WHAT THE TASK ASKS | Pictures in the listing should not be copied. Reproduce, word for word, each line from the one holding "Driving with trainer" through the final line.

----------

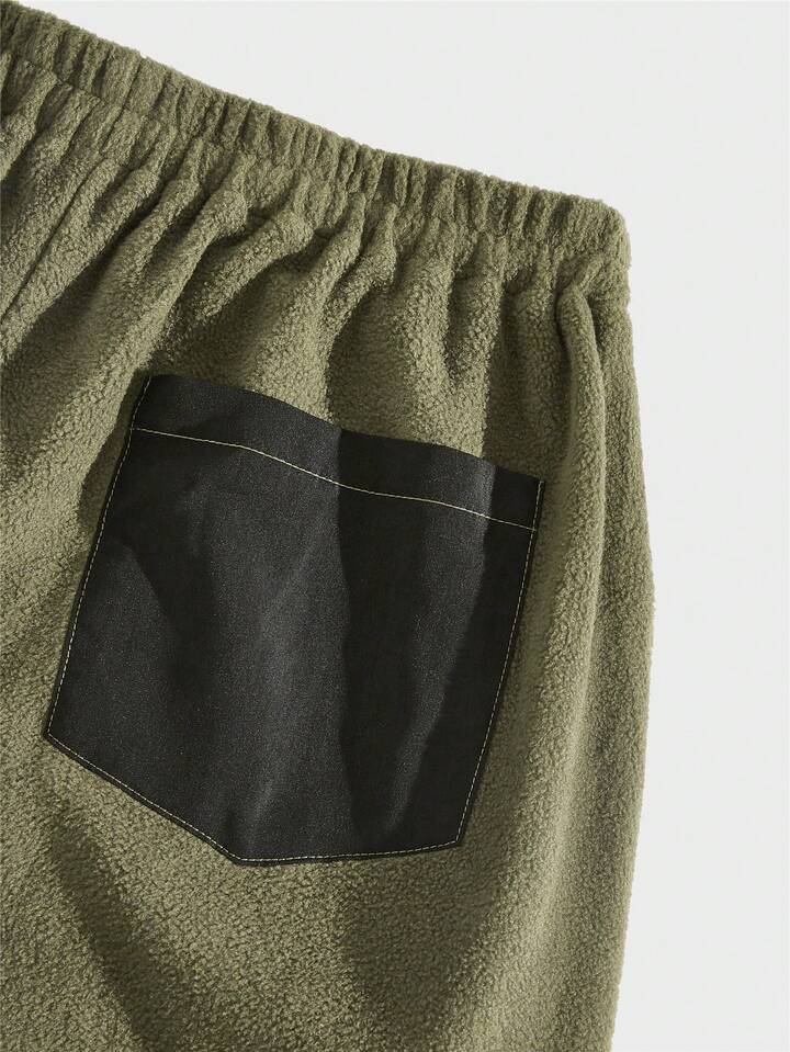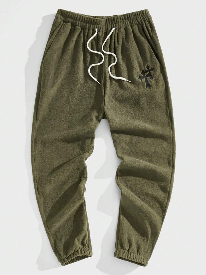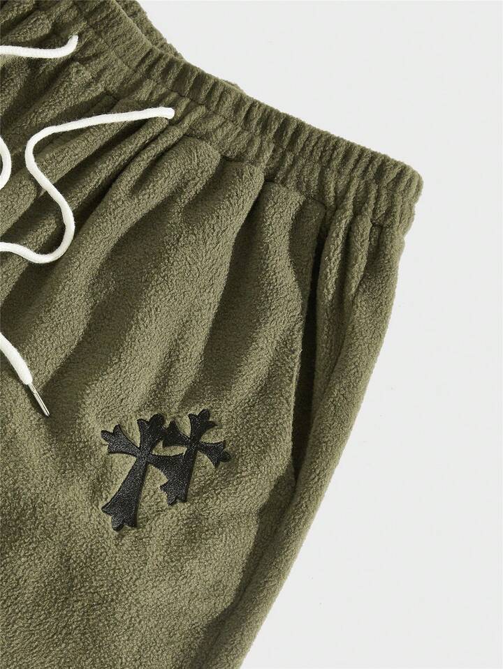 Prep Men Cross Embroidered Contrast Pocket Patched Fleece Pants
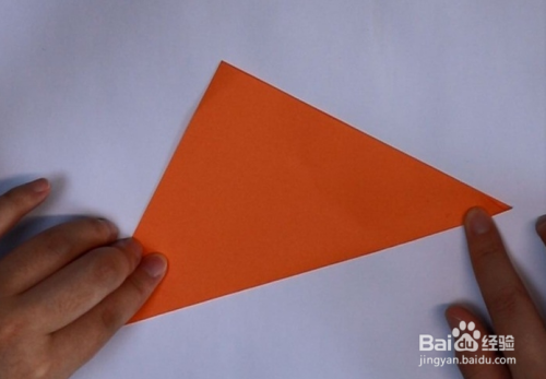 准备一张橙色正方形纸,对角线对折,展开,两边对齐折痕折叠。
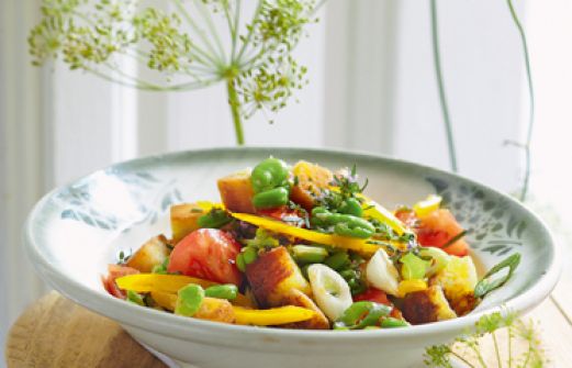 Röstbrotsalat mit dicken Bohnen Zutaten 500 g frische Dicke Bohnen 1 EL frisch gehacktes Bohnenkraut Salz ½ Bund Frühlingszwiebeln 1 gelbe Paprikaschote 3 Tomaten 2 Bund Basilikum 150 g Ciabattabrot 100 ml Öl (z. B. Sonnenblumenöl) 2 Knoblauchzehen 2 TL frisch gehackter Ros [...]
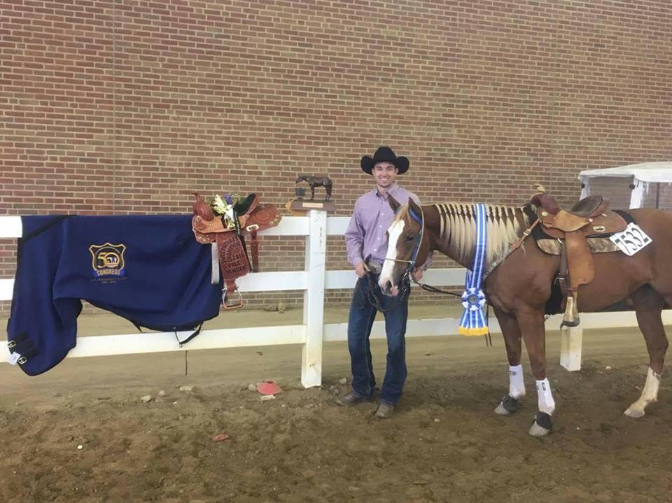 Driving with trainer Charlie Cole, of Highpoint Performance Horses in Pilot Point, Texas. He also won the AQHA and the NSBA Junior HUS, as well as the NSBA Maturity Open HUS Stakes with trainer Beth Case, also of Highpoint
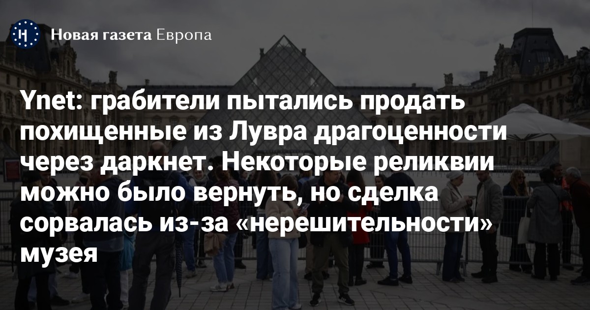 Грабители, которые похитили драгоценности из Лувра, предлагали продать музею некоторые украденные реликвии через даркнет, однако сделка сорвалась. Об этом пишет издание Ynet со ссылкой на директора израильской компании CGI Group, которая специализируется на бизнес-разведке и консультациях в сфере безопасности, Цвика Наве.
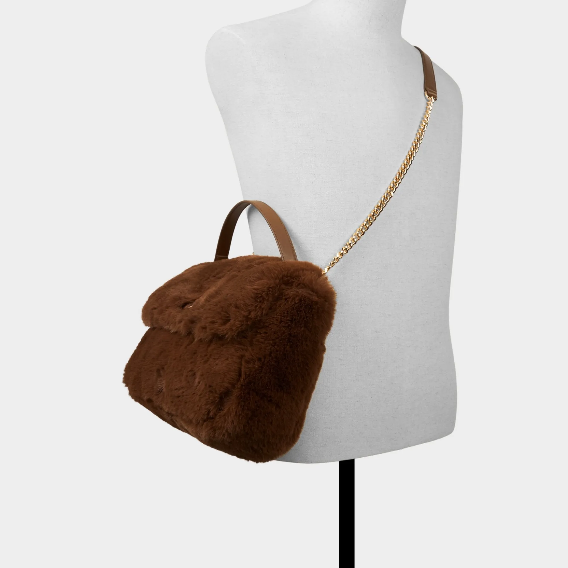 Plush mocha faux fur wraps this shoulder bag in instant warm-and-fuzzy glam, complemented by gleaming gold hardware and a leather-topped chain strap that keeps its flap silhouette polished yet easygoing on chilly nights. Sling over ribbed dresses for fireside cocktails or tuck against velvet blazers at holiday parties for touchably soft polish.
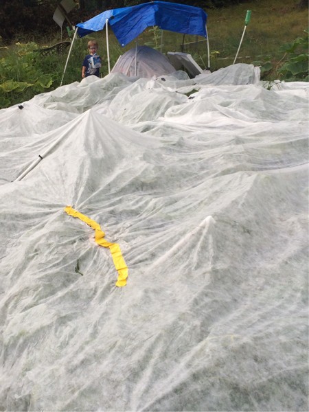 Covered plant with reemay. Before a strong rain storm it made it through now it's only 52� warmest part of the day here my little pumpkin was doing a half an inch circumference a day before this cold front
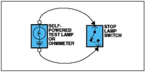 B. Connect one lead of a self-powered test lamp or ohmmeter to one end of the part of the circuit you wish to lest. If you are using an ohmmeter, hold the leads together and adjust the ohmmeter to read zero ohms.

----------

RESULT BELOW |
 Driving with trainer Charlie Cole, of Highpoint Performance Horses in Pilot Point, Texas. He also won the AQHA and the NSBA Junior HUS, as well as the NSBA Maturity Open HUS Stakes with trainer Beth Case, also of Highpoint
 Грабители, которые похитили драгоценности из Лувра, предлагали продать музею некоторые украденные реликвии через даркнет, однако сделка сорвалась. Об этом пишет издание Ynet со ссылкой на директора израильской компании CGI Group, которая специализируется на бизнес-разведке и консультациях в сфере безопасности, Цвика Наве.
 Plush mocha faux fur wraps this shoulder bag in instant warm-and-fuzzy glam, complemented by gleaming gold hardware and a leather-topped chain strap that keeps its flap silhouette polished yet easygoing on chilly nights. Sling over ribbed dresses for fireside cocktails or tuck against velvet blazers at holiday parties for touchably soft polish.
 Covered plant with reemay. Before a strong rain storm it made it through now it's only 52� warmest part of the day here my little pumpkin was doing a half an inch circumference a day before this cold front
 B. Connect one lead of a self-powered test lamp or ohmmeter to one end of the part of the circuit you wish to lest. If you are using an ohmmeter, hold the leads together and adjust the ohmmeter to read zero ohms.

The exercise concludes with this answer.